## INFORMATION SHOWN
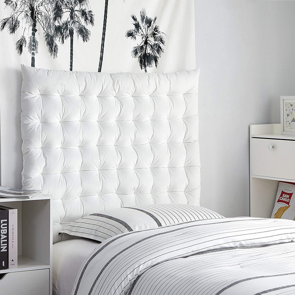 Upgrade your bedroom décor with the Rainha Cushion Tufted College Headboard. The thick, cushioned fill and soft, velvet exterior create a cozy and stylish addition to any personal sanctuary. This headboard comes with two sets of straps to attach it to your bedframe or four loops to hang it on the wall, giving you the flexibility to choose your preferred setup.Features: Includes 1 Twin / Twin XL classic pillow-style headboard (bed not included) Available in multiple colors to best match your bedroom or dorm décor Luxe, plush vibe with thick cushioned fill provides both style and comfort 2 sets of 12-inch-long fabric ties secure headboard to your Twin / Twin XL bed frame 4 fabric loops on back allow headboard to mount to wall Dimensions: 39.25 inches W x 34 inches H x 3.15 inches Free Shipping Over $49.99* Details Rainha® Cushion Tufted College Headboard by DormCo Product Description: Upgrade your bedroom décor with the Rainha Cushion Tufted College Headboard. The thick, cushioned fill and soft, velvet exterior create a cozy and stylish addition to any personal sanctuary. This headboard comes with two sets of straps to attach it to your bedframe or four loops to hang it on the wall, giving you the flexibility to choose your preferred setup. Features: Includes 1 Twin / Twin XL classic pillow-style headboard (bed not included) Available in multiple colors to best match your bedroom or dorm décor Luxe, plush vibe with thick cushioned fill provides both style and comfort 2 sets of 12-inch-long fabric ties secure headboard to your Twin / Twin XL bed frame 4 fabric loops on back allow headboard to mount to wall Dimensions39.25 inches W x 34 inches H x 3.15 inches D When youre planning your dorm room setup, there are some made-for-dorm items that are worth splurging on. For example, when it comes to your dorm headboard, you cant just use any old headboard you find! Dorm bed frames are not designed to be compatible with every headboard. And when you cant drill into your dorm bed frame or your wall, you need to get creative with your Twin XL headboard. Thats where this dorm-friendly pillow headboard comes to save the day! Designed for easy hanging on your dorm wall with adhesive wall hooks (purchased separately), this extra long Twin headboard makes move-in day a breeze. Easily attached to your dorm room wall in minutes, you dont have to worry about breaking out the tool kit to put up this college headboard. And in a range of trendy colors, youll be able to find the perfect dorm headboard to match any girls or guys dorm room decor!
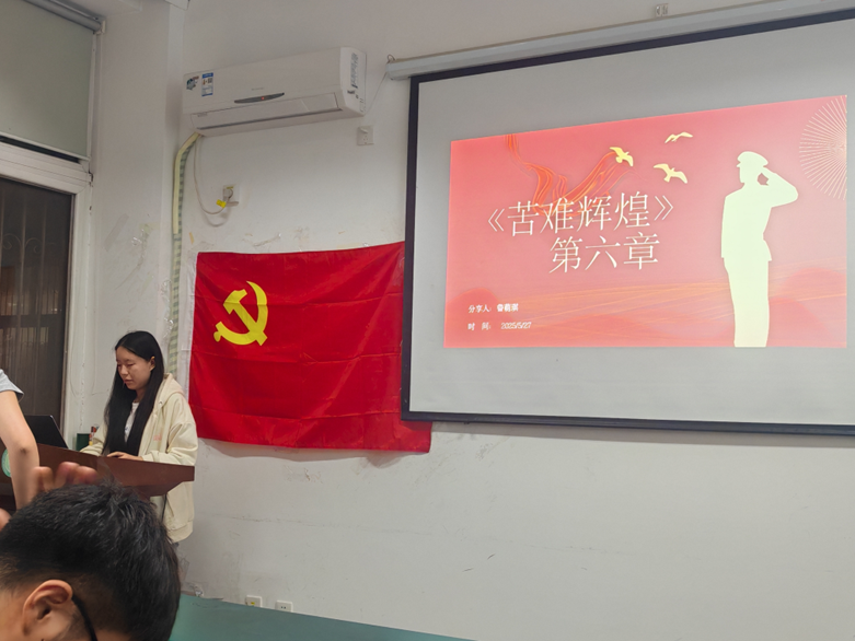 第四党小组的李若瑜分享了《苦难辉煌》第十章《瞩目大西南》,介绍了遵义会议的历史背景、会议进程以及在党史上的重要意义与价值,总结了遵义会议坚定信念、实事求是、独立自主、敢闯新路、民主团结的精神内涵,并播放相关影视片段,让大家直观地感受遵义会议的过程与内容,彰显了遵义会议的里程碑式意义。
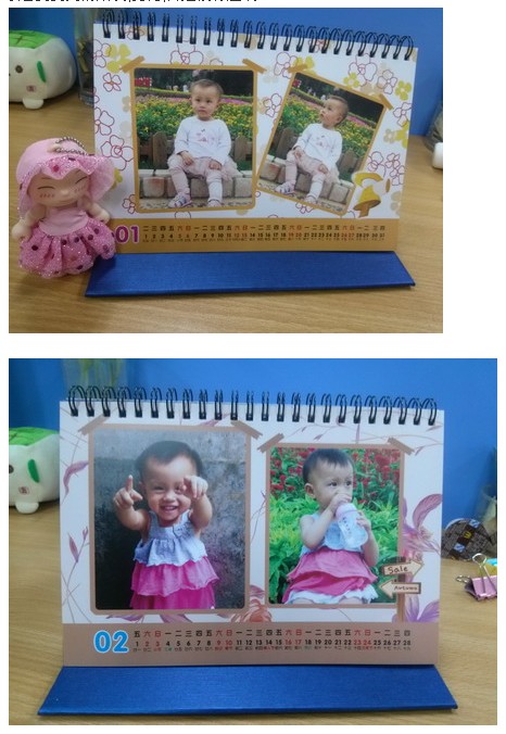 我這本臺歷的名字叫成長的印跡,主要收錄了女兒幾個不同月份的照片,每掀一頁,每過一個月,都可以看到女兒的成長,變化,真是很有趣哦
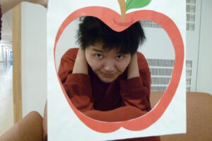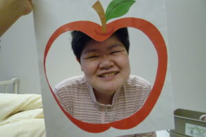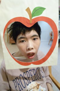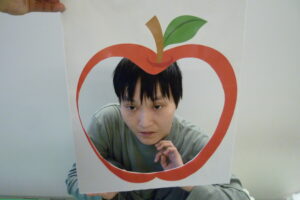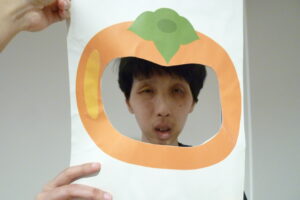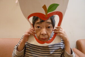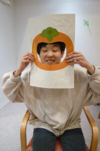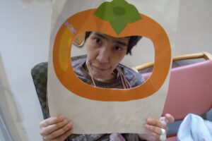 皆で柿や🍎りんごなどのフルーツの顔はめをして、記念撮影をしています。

==

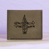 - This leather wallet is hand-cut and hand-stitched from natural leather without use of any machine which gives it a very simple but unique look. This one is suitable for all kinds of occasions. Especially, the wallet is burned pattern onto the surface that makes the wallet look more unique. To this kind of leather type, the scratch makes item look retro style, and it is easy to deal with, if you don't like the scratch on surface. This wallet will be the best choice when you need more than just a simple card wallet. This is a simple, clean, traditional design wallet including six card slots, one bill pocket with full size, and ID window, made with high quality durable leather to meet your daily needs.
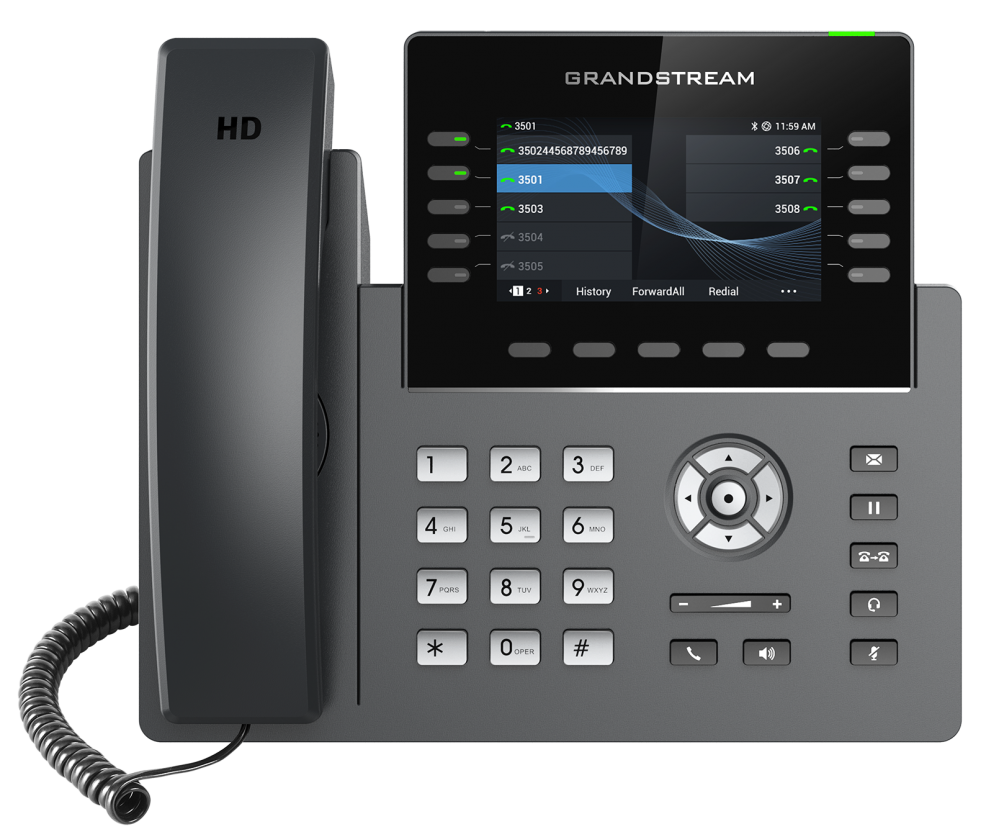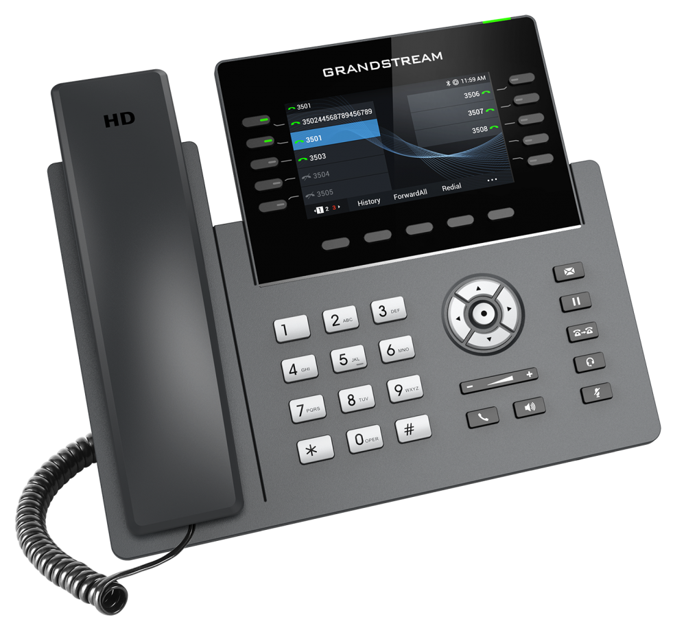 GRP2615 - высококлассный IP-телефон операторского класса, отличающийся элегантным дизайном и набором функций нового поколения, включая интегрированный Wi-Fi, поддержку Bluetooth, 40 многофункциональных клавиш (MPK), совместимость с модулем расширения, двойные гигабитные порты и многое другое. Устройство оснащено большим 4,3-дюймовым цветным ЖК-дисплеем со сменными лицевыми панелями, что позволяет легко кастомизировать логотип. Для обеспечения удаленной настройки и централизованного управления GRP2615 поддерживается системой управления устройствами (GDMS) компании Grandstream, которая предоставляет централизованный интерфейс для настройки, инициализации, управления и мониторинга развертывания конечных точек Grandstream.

## EXERCISE BRIEF
For this exercise, return exactly the lines above from the line with "- This leather" through the line with "GRP2615 - высококлассный", both included. Do not copy the pictures.

## REPLY TO THE TASK
 - This leather wallet is hand-cut and hand-stitched from natural leather without use of any machine which gives it a very simple but unique look. This one is suitable for all kinds of occasions. Especially, the wallet is burned pattern onto the surface that makes the wallet look more unique. To this kind of leather type, the scratch makes item look retro style, and it is easy to deal with, if you don't like the scratch on surface. This wallet will be the best choice when you need more than just a simple card wallet. This is a simple, clean, traditional design wallet including six card slots, one bill pocket with full size, and ID window, made with high quality durable leather to meet your daily needs.
 GRP2615 - высококлассный IP-телефон операторского класса, отличающийся элегантным дизайном и набором функций нового поколения, включая интегрированный Wi-Fi, поддержку Bluetooth, 40 многофункциональных клавиш (MPK), совместимость с модулем расширения, двойные гигабитные порты и многое другое. Устройство оснащено большим 4,3-дюймовым цветным ЖК-дисплеем со сменными лицевыми панелями, что позволяет легко кастомизировать логотип. Для обеспечения удаленной настройки и централизованного управления GRP2615 поддерживается системой управления устройствами (GDMS) компании Grandstream, которая предоставляет централизованный интерфейс для настройки, инициализации, управления и мониторинга развертывания конечных точек Grandstream.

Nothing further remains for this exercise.